> _How to complete this task_: The output should match, line for line, the records from the line containing "in section, |" through the line containing "This is a set", with every picture left out.

═══ Extracted information ═══

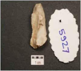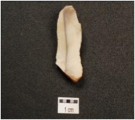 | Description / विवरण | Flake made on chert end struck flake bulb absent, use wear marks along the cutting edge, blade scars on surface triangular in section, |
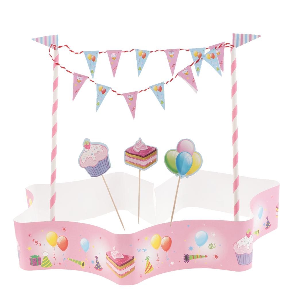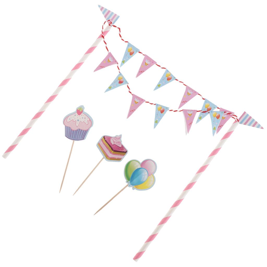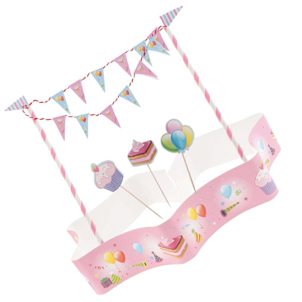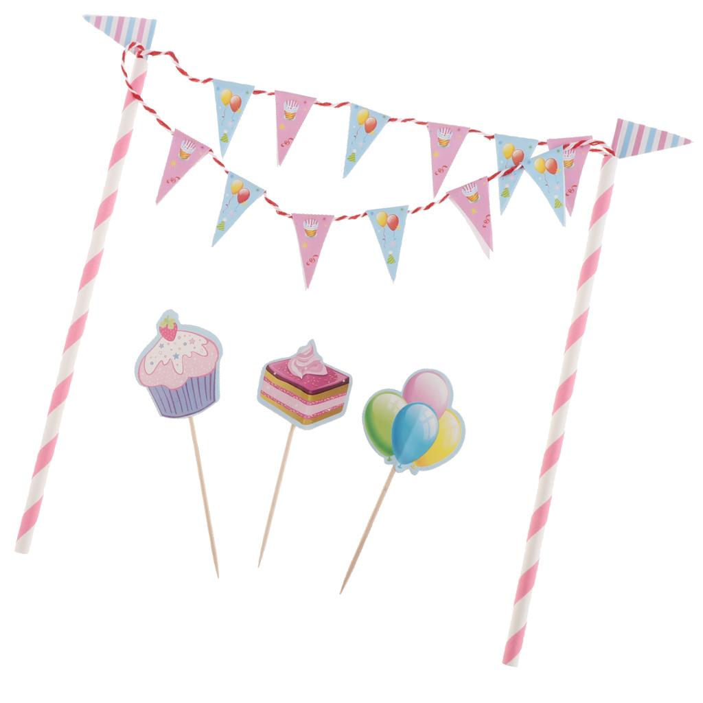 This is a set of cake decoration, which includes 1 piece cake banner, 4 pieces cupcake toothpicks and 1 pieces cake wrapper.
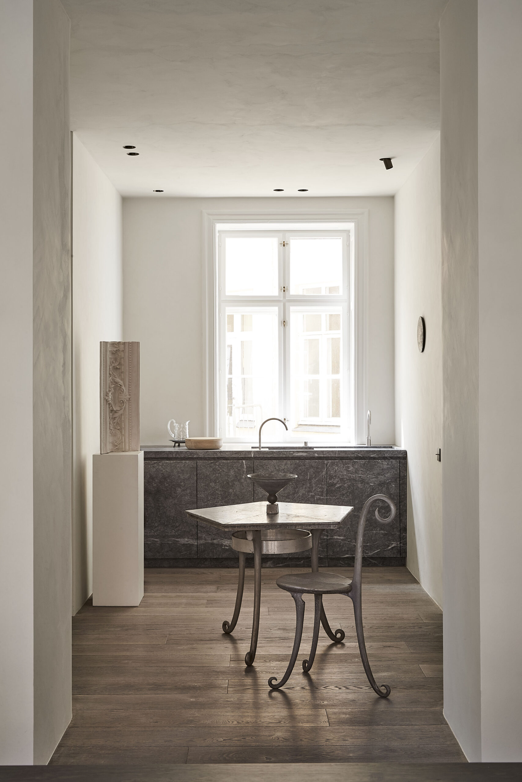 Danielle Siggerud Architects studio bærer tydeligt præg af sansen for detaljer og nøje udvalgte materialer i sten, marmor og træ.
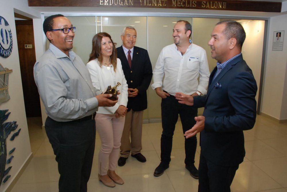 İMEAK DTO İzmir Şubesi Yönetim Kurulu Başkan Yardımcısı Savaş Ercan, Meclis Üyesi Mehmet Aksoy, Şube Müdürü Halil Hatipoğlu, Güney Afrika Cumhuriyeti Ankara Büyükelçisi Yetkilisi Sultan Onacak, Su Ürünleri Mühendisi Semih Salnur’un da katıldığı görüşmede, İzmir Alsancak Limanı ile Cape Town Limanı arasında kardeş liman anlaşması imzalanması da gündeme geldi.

═══
═══ Extracted information ═══

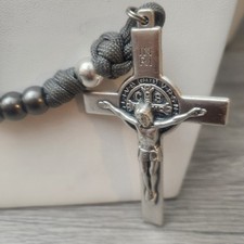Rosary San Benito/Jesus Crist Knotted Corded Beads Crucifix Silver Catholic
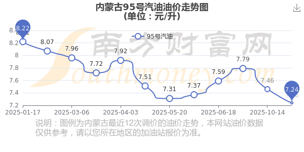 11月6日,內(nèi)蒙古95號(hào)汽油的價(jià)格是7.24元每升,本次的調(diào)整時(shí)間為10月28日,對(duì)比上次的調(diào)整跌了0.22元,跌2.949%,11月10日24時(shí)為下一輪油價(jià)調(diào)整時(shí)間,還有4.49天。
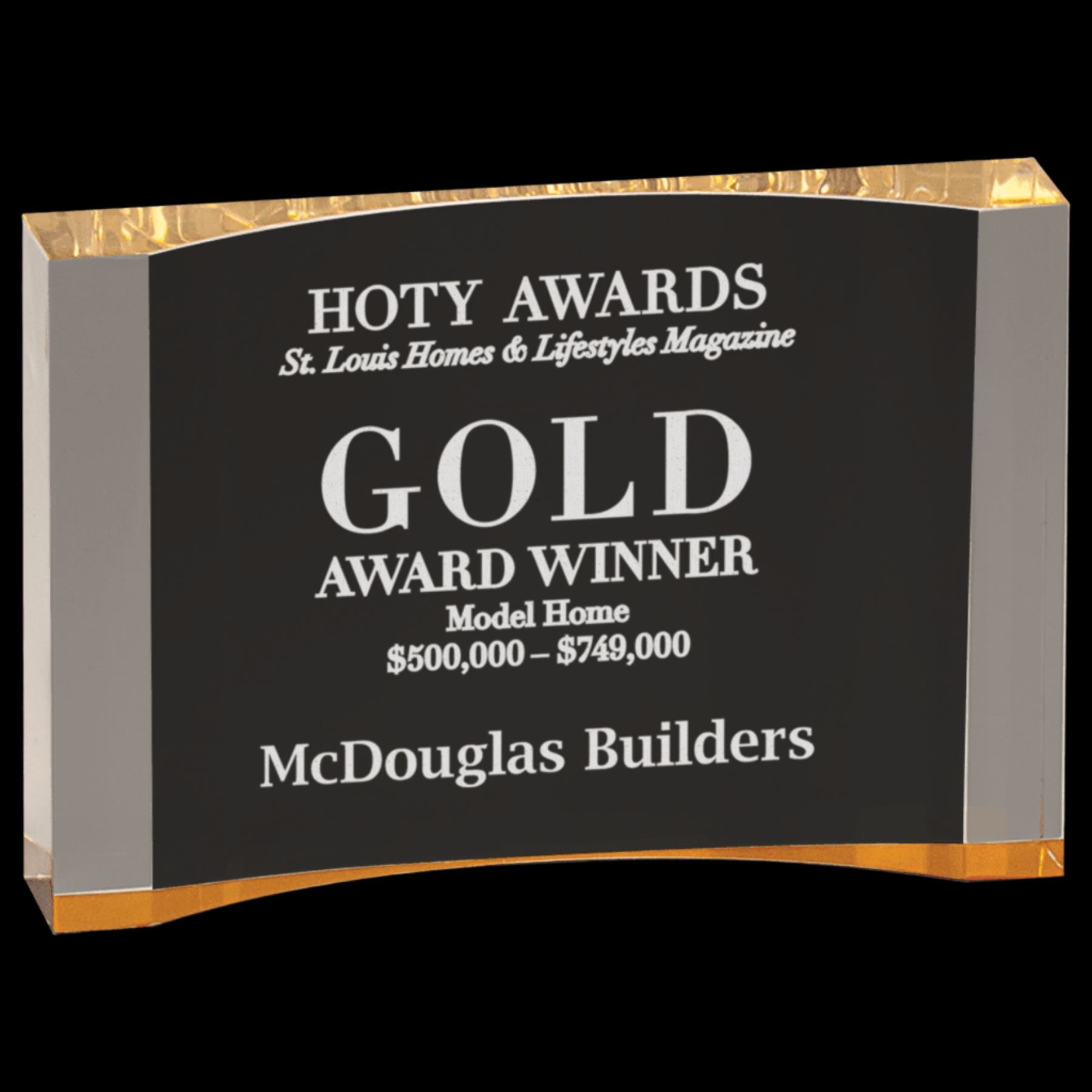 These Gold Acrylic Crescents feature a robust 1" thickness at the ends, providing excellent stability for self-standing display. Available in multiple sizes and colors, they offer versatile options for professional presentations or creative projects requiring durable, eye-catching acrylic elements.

═══
═══ Extracted information ═══

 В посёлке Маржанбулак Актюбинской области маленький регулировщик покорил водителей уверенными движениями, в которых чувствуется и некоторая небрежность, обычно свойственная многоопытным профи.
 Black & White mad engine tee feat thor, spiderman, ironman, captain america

═══

> _Result of the exercise_:
 | Description / विवरण | Flake made on chert end struck flake bulb absent, use wear marks along the cutting edge, blade scars on surface triangular in section, |
 This is a set of cake decoration, which includes 1 piece cake banner, 4 pieces cupcake toothpicks and 1 pieces cake wrapper.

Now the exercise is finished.